The chasing car casually pulled up alongside and a man stepped out. He walked up to the passenger of the VW, Antony Cook, 24, and shot him seven times in the head and chest, killing him instantly.

He then turned his attention to the 20-year-old driver and shot him three times in the stomach. The injured man managed to escape by appealing for help to a couple who had been in the vehicle he had hit. He staggered to them, begging: "Help me, I've been shot." He is still under police protection in hospital. Police said the attack was a "premeditated, cold- blooded murder".

The shooting, last Sunday, was the third street gun killing in Manchester in seven weeks and has raised fears that it marks a resurgence of the gang-related murders that have plagued the city in recent years. In 1991 seven young men died in tit-for-tat shootings.

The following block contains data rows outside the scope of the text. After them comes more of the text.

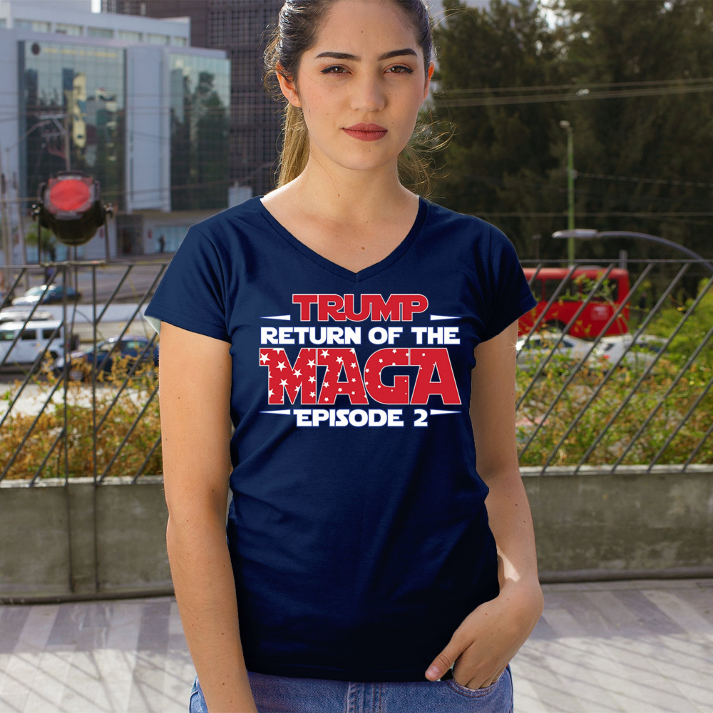 Join the "Return of the MAGA: Episode 2" movement. Celebrate Donald J. Trump, the Red Wave, and America First values with this bold design.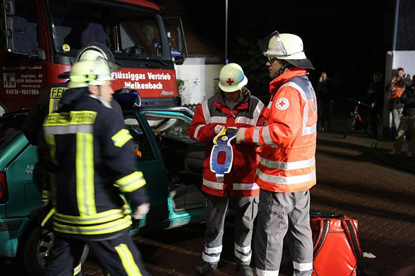 Der Boden rund um den verbeulten Kleinwagen liegt voller Scherben. Mitten auf der Kreuzung steht das Fahrzeug vor einem mit Gas beladenen LKW. Die Rettungkräfte von Feuerwehr und DRK versuchen eine Person aus dem Fahrzeug zu befreien. Anwohner kommen erschrocken auf die Straße. Doch einer der Anwohner hat eine Pfanne auf dem Herd vergessen, was zu einem Wohnungsbrand führt. Der Brand entwickelt sich schnell und im Haus sind mehrere Personen eingeschlossen. Zum Glück handelt es sich bei diesem Schreckensszenario nur um eine Übung, mit der die Einsatzkräfte der Freiwilligen Feuerwehren aus Wölfersheim für den Ernstfall probten.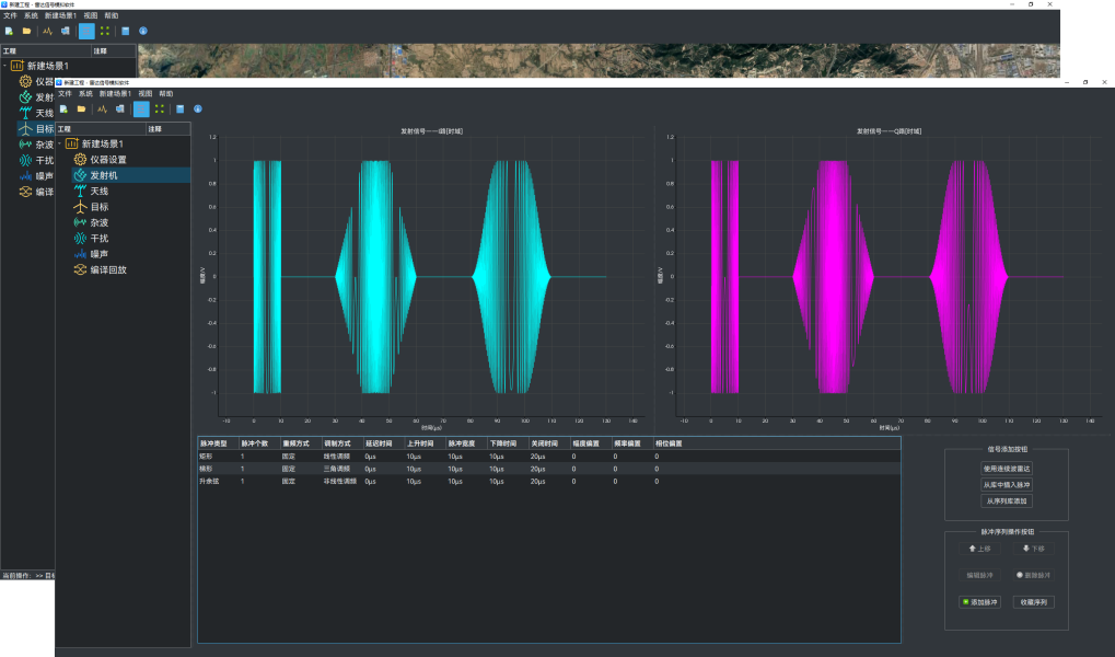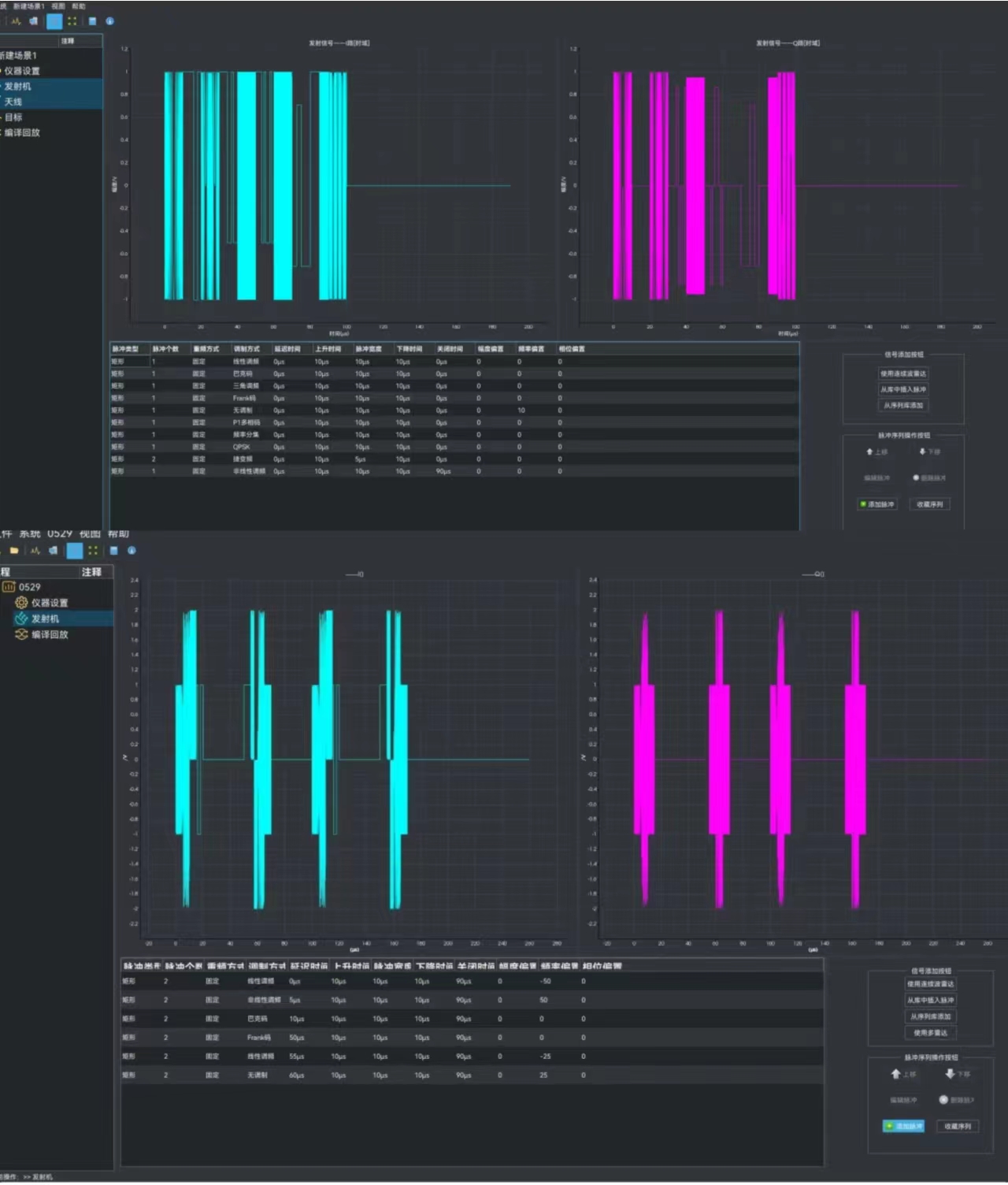 雷達信號模擬軟件支持脈內多(duō)調製及同時到達多脈衝信(xìn)號模擬功能,用戶可以在一個脈衝內添加多(duō)種(zhǒng)調製方式(shì)的雷達信號以及進行多雷達信號同時到達模擬。圖為雷達信號模擬軟件建(jiàn)立的脈內多調製信(xìn)號模擬(nǐ)界麵和多雷達信號同時到達模(mó)擬界麵(miàn),該脈衝信號內部包含多種(zhǒng)雷達信號樣(yàng)式,每種雷達信號具有不同的調製樣式。

For years rival gangs in Manchester have been vying for control of the city's lucrative drug markets and for command of the booming clubs and pubs scene. The gangs often control the drug supplies to clubs and pubs by putting their own bouncers on the door.

On Monday, the police are expected to disclose further details of the three recent murders and their links with on-going gang feuds.

Yesterday in Chorlton on Medlock, an anonymous no-man's land close to the city's student quarter, there were at least a dozen bunches of flowers and messages of sympathy at the scene of Sunday's murder. One card was simply to "Antony - a friend". Shards of glass left from his wrecked car remain scattered around the base of the lamppost. One of the rain-smudged messages is to a "baby son".

But Mr Cook was not an innocent victim. He was thought to have been trying to assert himself in one of the big drug outfits, the Doddington gang, based in Moss Side.

On Saturday 31 July, Martin Bennett, 25, another senior member of a gang, was also shot, this time in the chest as he walking through Moss Side in the early evening. He was bundled into a car and taken to hospital but died later. Shortly before the shooting Mr Bennett had been involved in what police say was a "minor fracas" with a number of young men outside a newsagent's shop .

Donnie McKie, 20, was the first victim of the shooting spree. He died from a chest wound after being ambushed in Leaf Street, Hulme. A second man was shot in the arm.

The police have responded with armed raids and operations against the suspected killers and gang members, making a number of arrests.

Martin Pagel, deputy leader of Manchester City Council, is worried at the apparent easy availability of automatic guns. He said: "I worry that when you have people out there prepared to use guns on the streets, innocent people could be shot. I have every confidence that the police will not tolerate a gun culture in our city."

Mr Pagel is also concerned over the sale of bullet-proof vests, which have become standard dress among many of Manchester's gangsters.

The growing willingness of criminals in Greater Manchester to use firearms was illustrated in April when a woman was held hostage in her car as a gang armed with a Kalashnikov assault rifle and a pistol fired from the windows during a police chase. Five bystanders were hit by bullets. The chase ended when the silver-coloured BMW crashed into a lamppost in the centre of Rochdale.